Reproduce, character for character, the entries from their opening line through the line with "He vivido experiencias".
┌─ Task material
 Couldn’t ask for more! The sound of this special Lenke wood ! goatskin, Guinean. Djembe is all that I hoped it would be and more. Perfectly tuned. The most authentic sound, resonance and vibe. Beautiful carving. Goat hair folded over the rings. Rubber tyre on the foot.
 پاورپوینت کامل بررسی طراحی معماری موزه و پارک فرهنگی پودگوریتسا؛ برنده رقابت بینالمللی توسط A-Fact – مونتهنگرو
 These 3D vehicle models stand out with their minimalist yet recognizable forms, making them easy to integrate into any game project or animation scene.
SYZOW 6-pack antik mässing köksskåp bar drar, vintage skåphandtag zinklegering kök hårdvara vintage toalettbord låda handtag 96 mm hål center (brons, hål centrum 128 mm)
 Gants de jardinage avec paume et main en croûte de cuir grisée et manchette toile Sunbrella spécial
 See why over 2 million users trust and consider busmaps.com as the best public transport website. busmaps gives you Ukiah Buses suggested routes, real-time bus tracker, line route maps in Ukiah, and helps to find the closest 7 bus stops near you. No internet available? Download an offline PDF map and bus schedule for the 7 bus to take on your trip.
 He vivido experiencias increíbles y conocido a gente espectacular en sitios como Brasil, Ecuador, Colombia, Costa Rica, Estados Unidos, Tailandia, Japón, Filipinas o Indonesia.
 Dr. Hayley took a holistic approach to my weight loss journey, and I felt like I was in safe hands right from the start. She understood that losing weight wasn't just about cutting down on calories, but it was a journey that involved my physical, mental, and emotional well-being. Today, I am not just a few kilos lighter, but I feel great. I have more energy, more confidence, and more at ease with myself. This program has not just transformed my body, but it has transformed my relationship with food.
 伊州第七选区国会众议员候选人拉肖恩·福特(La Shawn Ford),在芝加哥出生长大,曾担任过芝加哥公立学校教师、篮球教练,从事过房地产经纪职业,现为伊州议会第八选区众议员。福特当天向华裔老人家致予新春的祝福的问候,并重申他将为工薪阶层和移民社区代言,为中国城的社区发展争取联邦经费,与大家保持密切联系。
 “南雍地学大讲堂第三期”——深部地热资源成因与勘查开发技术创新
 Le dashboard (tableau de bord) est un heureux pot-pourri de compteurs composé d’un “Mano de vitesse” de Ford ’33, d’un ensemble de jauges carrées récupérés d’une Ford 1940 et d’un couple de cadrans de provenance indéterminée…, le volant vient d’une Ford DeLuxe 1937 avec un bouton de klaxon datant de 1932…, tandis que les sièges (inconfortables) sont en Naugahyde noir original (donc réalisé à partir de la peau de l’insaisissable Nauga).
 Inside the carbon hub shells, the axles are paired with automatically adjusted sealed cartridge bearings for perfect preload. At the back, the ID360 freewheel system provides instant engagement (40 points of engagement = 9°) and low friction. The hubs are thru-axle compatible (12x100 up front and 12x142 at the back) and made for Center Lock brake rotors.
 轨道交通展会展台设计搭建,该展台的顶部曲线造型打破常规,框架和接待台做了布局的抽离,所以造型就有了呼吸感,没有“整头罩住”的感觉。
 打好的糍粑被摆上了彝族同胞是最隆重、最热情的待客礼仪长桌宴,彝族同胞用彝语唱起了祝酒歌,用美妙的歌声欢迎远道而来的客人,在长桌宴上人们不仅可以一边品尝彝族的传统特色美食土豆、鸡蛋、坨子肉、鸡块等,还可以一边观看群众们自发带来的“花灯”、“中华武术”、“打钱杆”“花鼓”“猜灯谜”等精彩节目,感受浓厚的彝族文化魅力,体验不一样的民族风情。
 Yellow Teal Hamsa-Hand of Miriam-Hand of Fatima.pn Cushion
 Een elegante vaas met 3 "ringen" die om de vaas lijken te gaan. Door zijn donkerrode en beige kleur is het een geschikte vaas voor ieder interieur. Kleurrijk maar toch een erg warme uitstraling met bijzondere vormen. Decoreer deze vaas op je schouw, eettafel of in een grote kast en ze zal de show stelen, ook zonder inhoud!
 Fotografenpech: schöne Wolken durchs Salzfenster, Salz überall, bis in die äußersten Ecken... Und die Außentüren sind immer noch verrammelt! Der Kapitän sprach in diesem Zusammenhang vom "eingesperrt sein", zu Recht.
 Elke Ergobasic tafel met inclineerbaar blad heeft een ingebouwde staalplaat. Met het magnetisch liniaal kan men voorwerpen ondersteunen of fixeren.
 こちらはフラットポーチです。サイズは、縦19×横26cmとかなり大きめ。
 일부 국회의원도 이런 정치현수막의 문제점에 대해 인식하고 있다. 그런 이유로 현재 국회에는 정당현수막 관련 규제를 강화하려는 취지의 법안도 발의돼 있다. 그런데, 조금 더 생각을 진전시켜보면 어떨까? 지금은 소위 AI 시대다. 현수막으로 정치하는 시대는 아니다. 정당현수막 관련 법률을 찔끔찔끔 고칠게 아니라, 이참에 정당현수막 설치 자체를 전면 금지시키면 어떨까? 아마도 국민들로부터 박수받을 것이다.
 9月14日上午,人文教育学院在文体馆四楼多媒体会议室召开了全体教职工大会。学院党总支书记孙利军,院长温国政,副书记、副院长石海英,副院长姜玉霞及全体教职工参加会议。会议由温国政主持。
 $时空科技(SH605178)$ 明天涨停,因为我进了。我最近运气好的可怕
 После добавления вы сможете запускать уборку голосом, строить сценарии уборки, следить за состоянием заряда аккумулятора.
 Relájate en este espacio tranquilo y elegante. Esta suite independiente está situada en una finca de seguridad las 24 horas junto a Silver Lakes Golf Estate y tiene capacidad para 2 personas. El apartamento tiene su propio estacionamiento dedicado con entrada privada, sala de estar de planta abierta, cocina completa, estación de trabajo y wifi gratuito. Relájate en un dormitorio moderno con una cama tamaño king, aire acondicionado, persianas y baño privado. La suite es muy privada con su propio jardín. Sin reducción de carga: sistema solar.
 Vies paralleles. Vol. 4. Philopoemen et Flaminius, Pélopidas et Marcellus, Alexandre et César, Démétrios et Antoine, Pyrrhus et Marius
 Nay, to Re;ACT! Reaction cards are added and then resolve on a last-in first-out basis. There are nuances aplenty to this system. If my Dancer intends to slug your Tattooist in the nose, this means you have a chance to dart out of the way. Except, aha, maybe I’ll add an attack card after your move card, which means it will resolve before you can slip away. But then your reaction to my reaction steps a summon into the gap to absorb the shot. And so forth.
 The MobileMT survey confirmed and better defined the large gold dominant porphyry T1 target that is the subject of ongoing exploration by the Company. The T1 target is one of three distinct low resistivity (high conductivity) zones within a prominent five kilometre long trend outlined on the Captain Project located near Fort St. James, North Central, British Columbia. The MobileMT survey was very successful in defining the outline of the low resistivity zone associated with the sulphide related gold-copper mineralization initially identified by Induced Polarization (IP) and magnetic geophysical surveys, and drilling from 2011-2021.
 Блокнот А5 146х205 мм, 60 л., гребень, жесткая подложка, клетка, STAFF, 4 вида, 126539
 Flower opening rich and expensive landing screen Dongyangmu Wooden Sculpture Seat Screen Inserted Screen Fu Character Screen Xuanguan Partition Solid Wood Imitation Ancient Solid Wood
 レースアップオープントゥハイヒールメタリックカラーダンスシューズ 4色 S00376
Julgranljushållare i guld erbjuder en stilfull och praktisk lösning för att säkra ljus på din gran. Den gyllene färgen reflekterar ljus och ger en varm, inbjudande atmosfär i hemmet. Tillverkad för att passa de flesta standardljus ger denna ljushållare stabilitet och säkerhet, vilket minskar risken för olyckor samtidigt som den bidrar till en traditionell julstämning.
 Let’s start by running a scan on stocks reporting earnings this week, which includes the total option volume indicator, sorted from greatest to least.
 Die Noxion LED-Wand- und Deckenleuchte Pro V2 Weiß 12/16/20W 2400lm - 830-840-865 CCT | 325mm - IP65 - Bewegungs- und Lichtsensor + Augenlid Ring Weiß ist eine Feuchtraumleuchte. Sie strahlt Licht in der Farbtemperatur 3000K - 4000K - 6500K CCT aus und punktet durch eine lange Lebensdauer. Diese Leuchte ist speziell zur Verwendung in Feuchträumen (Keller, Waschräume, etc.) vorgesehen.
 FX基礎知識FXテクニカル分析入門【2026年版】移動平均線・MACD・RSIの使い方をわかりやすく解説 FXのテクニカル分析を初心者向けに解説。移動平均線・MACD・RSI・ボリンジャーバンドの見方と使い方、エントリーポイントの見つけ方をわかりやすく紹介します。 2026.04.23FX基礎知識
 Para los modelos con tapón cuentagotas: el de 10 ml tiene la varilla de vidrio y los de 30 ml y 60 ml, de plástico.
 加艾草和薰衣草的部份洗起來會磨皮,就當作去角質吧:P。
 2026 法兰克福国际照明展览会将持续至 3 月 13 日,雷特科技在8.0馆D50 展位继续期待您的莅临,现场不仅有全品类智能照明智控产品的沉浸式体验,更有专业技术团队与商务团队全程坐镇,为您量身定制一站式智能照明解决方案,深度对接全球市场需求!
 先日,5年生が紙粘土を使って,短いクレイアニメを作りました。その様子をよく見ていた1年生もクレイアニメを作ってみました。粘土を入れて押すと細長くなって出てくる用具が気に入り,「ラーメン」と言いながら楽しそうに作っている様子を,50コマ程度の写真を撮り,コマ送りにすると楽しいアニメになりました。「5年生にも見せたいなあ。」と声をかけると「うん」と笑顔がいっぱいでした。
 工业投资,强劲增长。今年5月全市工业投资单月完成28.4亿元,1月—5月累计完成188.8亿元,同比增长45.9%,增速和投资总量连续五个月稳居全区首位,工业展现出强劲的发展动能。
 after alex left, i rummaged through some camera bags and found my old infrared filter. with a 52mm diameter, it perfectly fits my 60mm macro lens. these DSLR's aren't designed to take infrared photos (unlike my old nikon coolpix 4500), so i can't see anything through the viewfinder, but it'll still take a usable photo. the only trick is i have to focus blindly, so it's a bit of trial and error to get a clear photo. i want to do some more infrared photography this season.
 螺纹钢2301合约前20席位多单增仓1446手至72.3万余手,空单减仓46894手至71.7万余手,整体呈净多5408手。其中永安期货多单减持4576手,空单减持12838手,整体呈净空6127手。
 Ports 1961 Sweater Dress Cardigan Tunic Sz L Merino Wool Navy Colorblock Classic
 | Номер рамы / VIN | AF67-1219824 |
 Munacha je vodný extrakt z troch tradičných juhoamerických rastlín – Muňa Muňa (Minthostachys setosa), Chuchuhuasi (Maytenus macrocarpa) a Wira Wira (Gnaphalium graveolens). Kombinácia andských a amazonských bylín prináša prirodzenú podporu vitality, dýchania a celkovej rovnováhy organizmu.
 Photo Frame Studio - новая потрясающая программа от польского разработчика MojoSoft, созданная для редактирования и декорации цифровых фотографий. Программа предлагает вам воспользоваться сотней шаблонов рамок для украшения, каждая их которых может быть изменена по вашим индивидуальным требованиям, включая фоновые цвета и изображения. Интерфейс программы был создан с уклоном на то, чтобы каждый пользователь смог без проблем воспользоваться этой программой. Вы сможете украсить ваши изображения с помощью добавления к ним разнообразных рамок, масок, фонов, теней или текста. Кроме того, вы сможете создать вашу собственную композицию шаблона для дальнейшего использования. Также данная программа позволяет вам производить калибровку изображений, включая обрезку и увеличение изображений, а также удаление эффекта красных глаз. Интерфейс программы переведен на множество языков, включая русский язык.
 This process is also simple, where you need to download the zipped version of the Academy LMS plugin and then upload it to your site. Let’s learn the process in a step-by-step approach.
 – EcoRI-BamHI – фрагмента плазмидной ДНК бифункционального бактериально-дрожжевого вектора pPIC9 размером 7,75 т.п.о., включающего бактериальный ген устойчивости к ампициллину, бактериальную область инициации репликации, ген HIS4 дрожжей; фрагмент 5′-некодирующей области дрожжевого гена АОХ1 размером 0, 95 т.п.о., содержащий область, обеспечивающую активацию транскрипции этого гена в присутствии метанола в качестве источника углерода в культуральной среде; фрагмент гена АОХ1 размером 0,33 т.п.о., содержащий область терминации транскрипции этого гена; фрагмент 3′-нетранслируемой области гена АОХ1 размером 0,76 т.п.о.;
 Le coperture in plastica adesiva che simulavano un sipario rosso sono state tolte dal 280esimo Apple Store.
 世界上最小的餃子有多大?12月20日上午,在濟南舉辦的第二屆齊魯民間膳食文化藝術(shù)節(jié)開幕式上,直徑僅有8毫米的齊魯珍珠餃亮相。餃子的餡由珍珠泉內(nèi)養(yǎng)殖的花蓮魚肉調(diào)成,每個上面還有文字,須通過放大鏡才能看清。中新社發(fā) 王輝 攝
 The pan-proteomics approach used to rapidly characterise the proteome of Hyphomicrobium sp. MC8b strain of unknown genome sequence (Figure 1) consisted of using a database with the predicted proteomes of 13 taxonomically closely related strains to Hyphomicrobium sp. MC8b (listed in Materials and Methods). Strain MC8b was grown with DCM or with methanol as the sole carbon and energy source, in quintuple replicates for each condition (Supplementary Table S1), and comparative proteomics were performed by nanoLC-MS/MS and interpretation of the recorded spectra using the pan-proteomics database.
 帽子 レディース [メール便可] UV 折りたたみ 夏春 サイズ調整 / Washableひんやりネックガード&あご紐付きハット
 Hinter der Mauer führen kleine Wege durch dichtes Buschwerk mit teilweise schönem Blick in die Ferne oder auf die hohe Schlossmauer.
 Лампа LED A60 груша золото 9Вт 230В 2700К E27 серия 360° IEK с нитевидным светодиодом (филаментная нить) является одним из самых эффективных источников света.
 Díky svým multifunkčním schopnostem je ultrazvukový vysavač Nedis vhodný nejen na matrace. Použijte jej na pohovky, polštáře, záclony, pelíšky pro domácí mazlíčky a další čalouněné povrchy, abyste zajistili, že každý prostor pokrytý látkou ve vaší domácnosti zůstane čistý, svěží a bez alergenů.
└─
**Response to the task:**
 Couldn’t ask for more! The sound of this special Lenke wood ! goatskin, Guinean. Djembe is all that I hoped it would be and more. Perfectly tuned. The most authentic sound, resonance and vibe. Beautiful carving. Goat hair folded over the rings. Rubber tyre on the foot.
 پاورپوینت کامل بررسی طراحی معماری موزه و پارک فرهنگی پودگوریتسا؛ برنده رقابت بینالمللی توسط A-Fact – مونتهنگرو
 These 3D vehicle models stand out with their minimalist yet recognizable forms, making them easy to integrate into any game project or animation scene.
SYZOW 6-pack antik mässing köksskåp bar drar, vintage skåphandtag zinklegering kök hårdvara vintage toalettbord låda handtag 96 mm hål center (brons, hål centrum 128 mm)
 Gants de jardinage avec paume et main en croûte de cuir grisée et manchette toile Sunbrella spécial
 See why over 2 million users trust and consider busmaps.com as the best public transport website. busmaps gives you Ukiah Buses suggested routes, real-time bus tracker, line route maps in Ukiah, and helps to find the closest 7 bus stops near you. No internet available? Download an offline PDF map and bus schedule for the 7 bus to take on your trip.
 He vivido experiencias increíbles y conocido a gente espectacular en sitios como Brasil, Ecuador, Colombia, Costa Rica, Estados Unidos, Tailandia, Japón, Filipinas o Indonesia.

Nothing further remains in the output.